A dictionary is given, where different keys correspond to different size vectors. It is necessary to find the difference between each value of one key and each value of the others. The structure of the dictionaries varies depending on the incoming dataset. Ie. The algorithm should work with different sizes of values. More precisely, the dictionary stores the indices of points that are centroids, and the values of the vectors - indices of points that belong to this cluster. If this information somehow helps :) Tried to use broadcasting. It worked on a toy example, but not on a real one.

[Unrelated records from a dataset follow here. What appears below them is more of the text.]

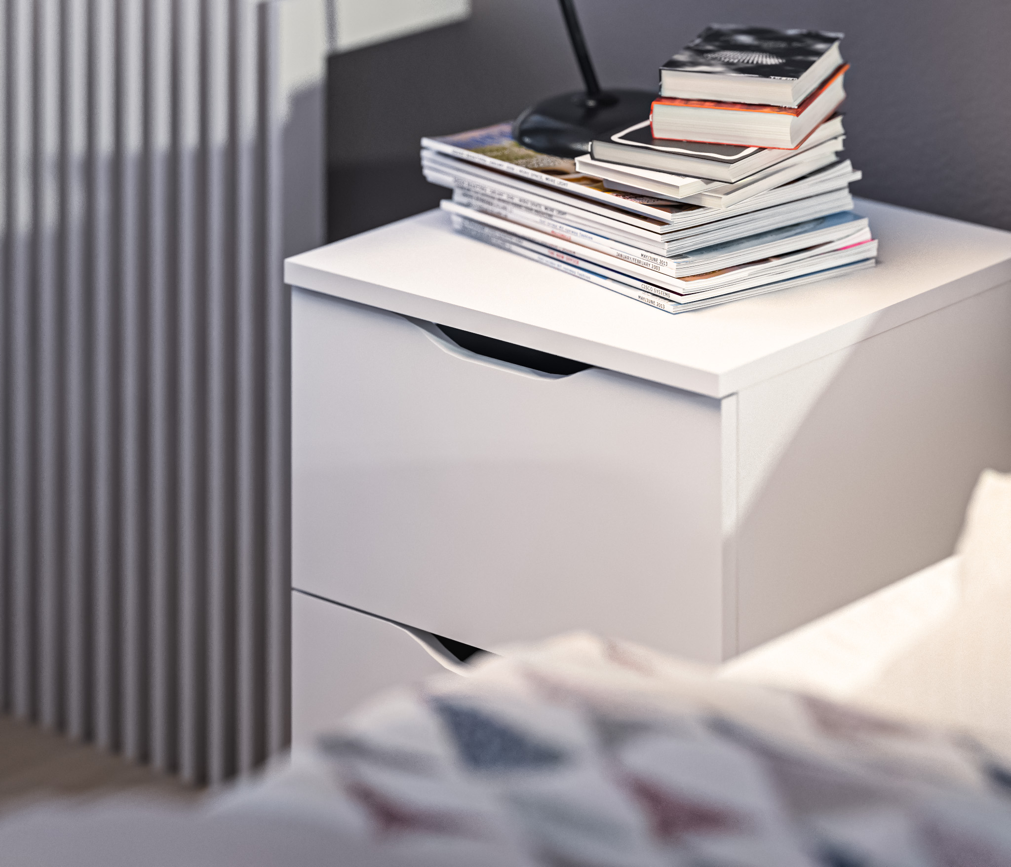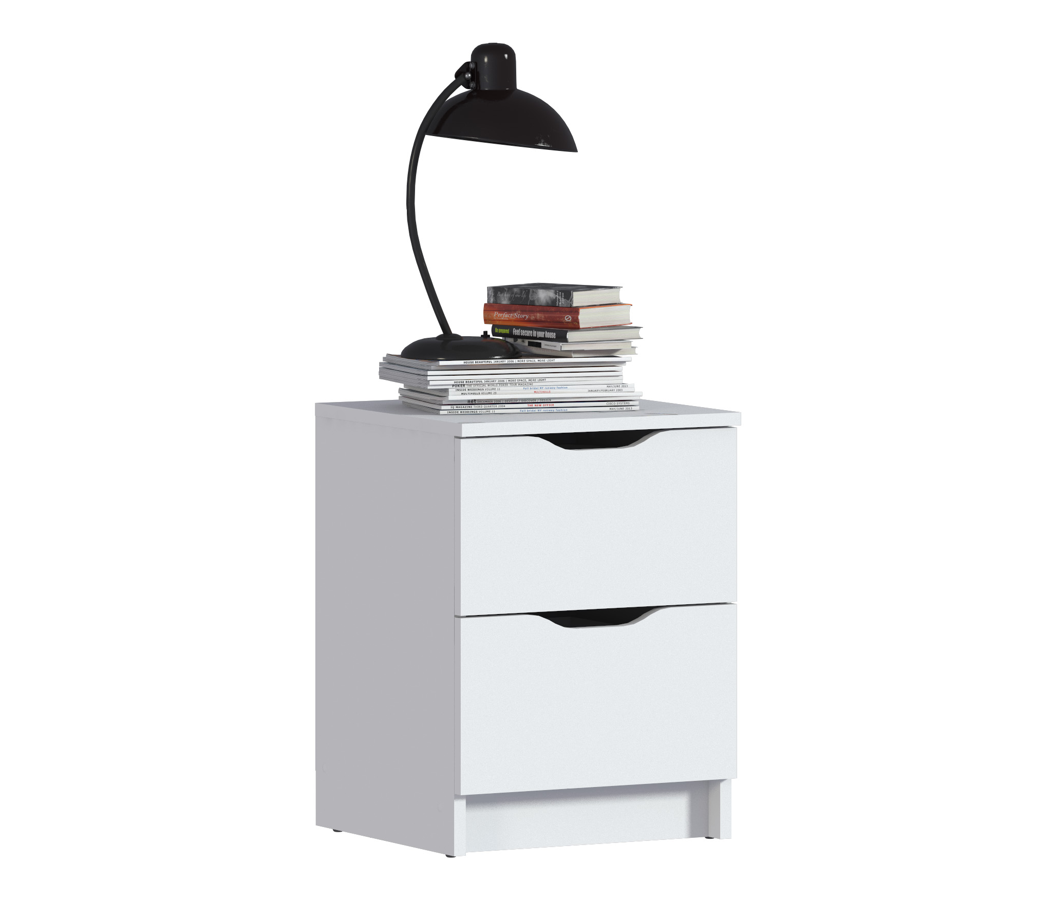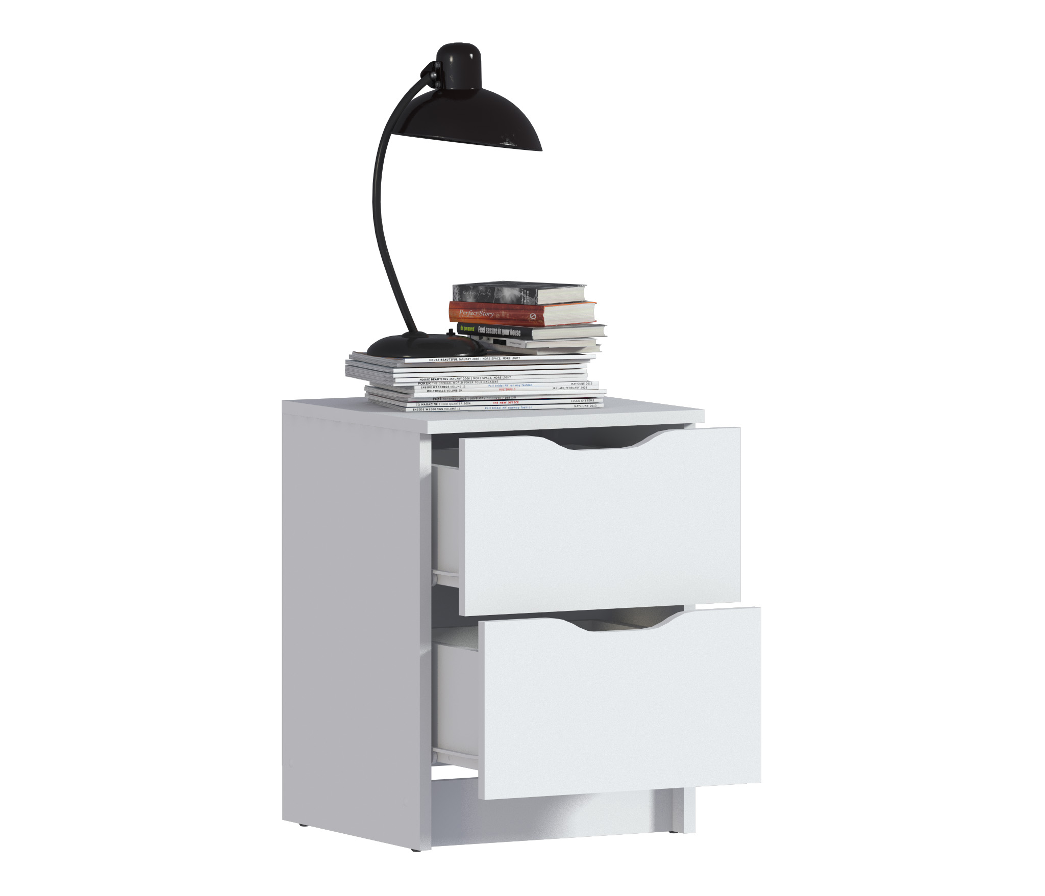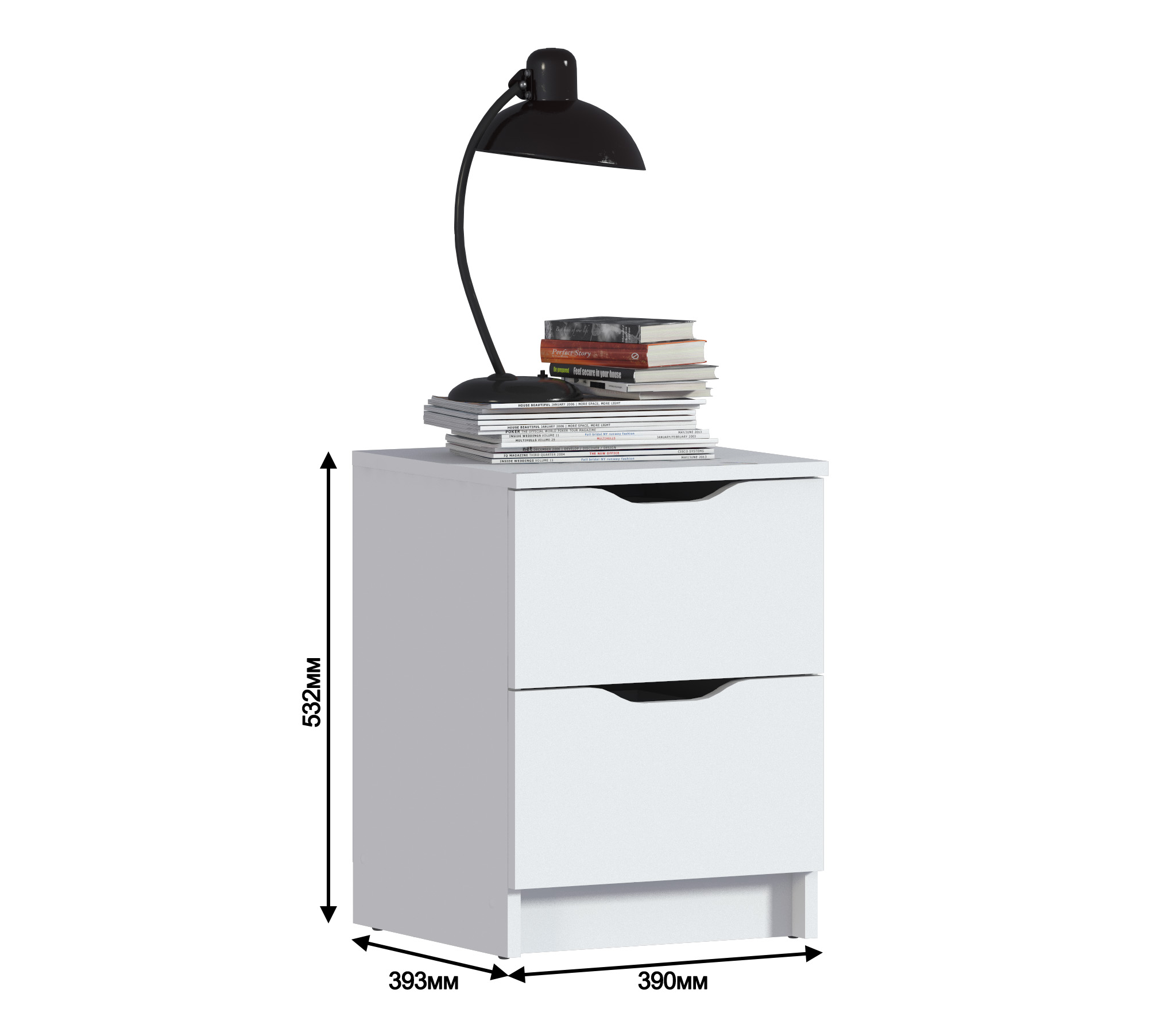 При компактных габаритных размерах – ширина 39 см, высота 53 см и глубина 39 см, тумба довольно вместительная. Под столешницей расположены два выдвижных ящика с прорезными ручками, где можно хранить вещи.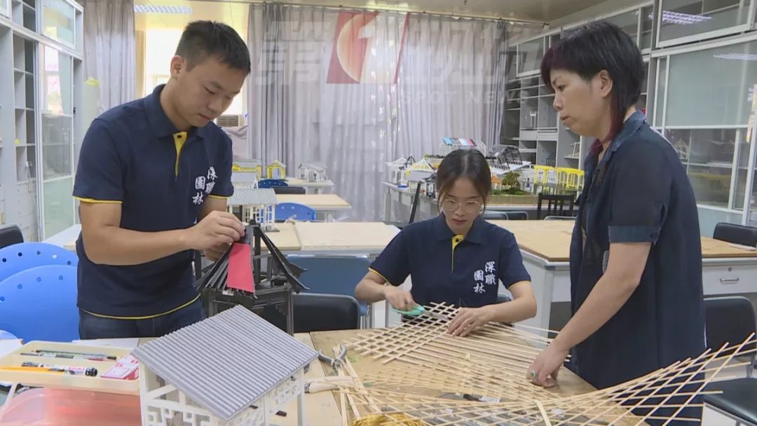 20號中午,在深圳職業(yè)技術學院的培訓室,謝老師正在指導學生制作園林建筑的模型。這門技術不僅需要手巧,還要有藝術上的靈感和創(chuàng)意。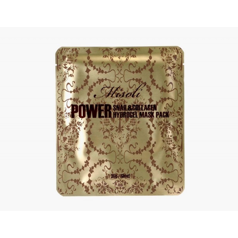 Гидрогелевая маска для лица Misoli Power Snail Collagen Hydrogel Mask Pack идеально подойдет для ухода за возрастной кожей, благодаря трем активным компонентам: муцина улитки, коллагена и золотую, которые обладают мощными антивозрастным эффектом, устраняют морщины и отеки, снижают количество пигментных пятен, а также возвращают коже эластичность и упругость. Маска содержит большое количество полезных растительных экстрактов, которые интенсивно увлажняют кожу и делают ее более гладкой и здоровой. Муцин улитки оказывает омолаживающее действие на кожу, прекрасно увлажняет, нормализует состояние кожи, защищает от преждевременного старения, а также борется с уже существующими морщинами.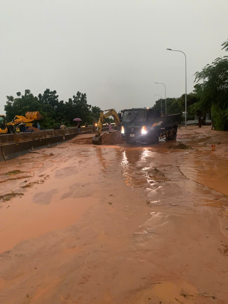 Ông Võ Tiến Trung, Chủ tịch UBND xã Lương Sơn, cho biết địa phương đã điều gần chục xe múc, xe đào, xe ben đến hiện trường xúc dọn, mở đường thoát nước và giải phóng lượng cát đỏ. "Công việc được triển khai ngay khi sự cố xảy ra, hy vọng sớm thông xe một làn hướng Bắc - Nam trước", ông nói.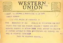 One of his most important roles was notifying families when their loved ones became casualties. By the war's end Casualty Branch in the Office of the Adjutant General consisted of 80 officers and 2,000 enlisted personnel. Every day it received punched cards from the theaters of operations. The staff then translated these into words. Other members then typed the information onto casualty forms. The soldier's emergency contact information was then verified; many people changed address without notifying the Army. If the soldier had died, the branch head, Colonel George F. Herbert, would review the paperwork. The Signal Corps then contacted Western Union and sent a telegram, which would go out under Ulio's name. Ulio directed that no telegrams would be delivered between 22:00 and 07:00. A confirmation letter would follow in the post. These were individualised; Ulio directed that no form letters would be sent to grieving families. During the war, 318,274 US soldiers were killed and 565,861 were wounded.[26]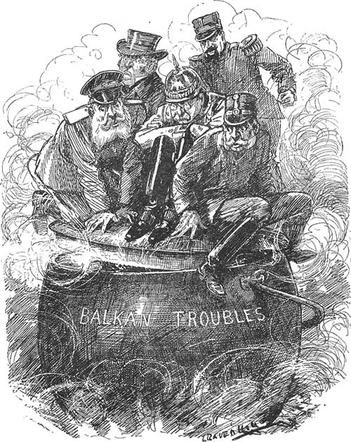 ロシアの南下政策、イギリスの政策、ドイツの政策、オーストリアのバルカン半島進出など、ヨーロッパの諸問題・関心はバルカン半島に凝縮されていました。図は今にも爆発しそうなバルカン半島の問題に蓋をしようとする列強を描いています。左から順に、ロシア・イギリス・ドイツ・イタリア・オーストリアです。

in: a = [5, 6, 6, 6, 7] b = [4,3,4,5,6,7,8,9,0,5,2,46] Centroids = defaultdict(list) for i, j in zip(a, b): Centroids[i].append(j) Centroids out: defaultdict(list, {5: [4], 6: [3, 4, 5], 7: [6]}) in: k = [] for i in list(Centroids.values()): k.append(np.array(i)) print(np.array(k)) a = [] for i in range(3): for j in range(3): a.append(k[i] - k[j]) print(a) out: [array([4]) array([3, 4, 5]) array([6])] [array([0]), array([ 1, 0, -1]), array([-2]), array([-1, 0, 1]), array([0, 0, 0]), array([-3, -2, -1]), array([2]), array([3, 2, 1]), array([0])] This is an example that did not work:
in: k = centers(data) out: [array([ 1, 2, 3, 4, 5, 6, 7, 8, 9, 10, 11, 12, 13, 14, 15, 16, 17, 18, 19, 20, 64, 65, 67, 68, 69, 70, 71, 72, 75]), array([21, 22, 23, 24, 25, 26, 27, 28, 29, 30, 31, 32, 33, 34, 35, 36, 37, 38, 39, 40]), array([41, 42, 43, 44, 45, 46, 47, 48, 49, 50, 51, 52, 53, 54, 55, 56, 57, 58, 73, 74]), array([59, 60, 63, 66]), array([61, 62])] in: a = [] for i in range(5): for j in range(5): a.append(k[i] - k[j]) Departure error:
ValueError: operands could not be broadcast together with shapes (29,) (20,) The question is, how can this difference be found? Above, I brought my failed attempts. Thank you in advance.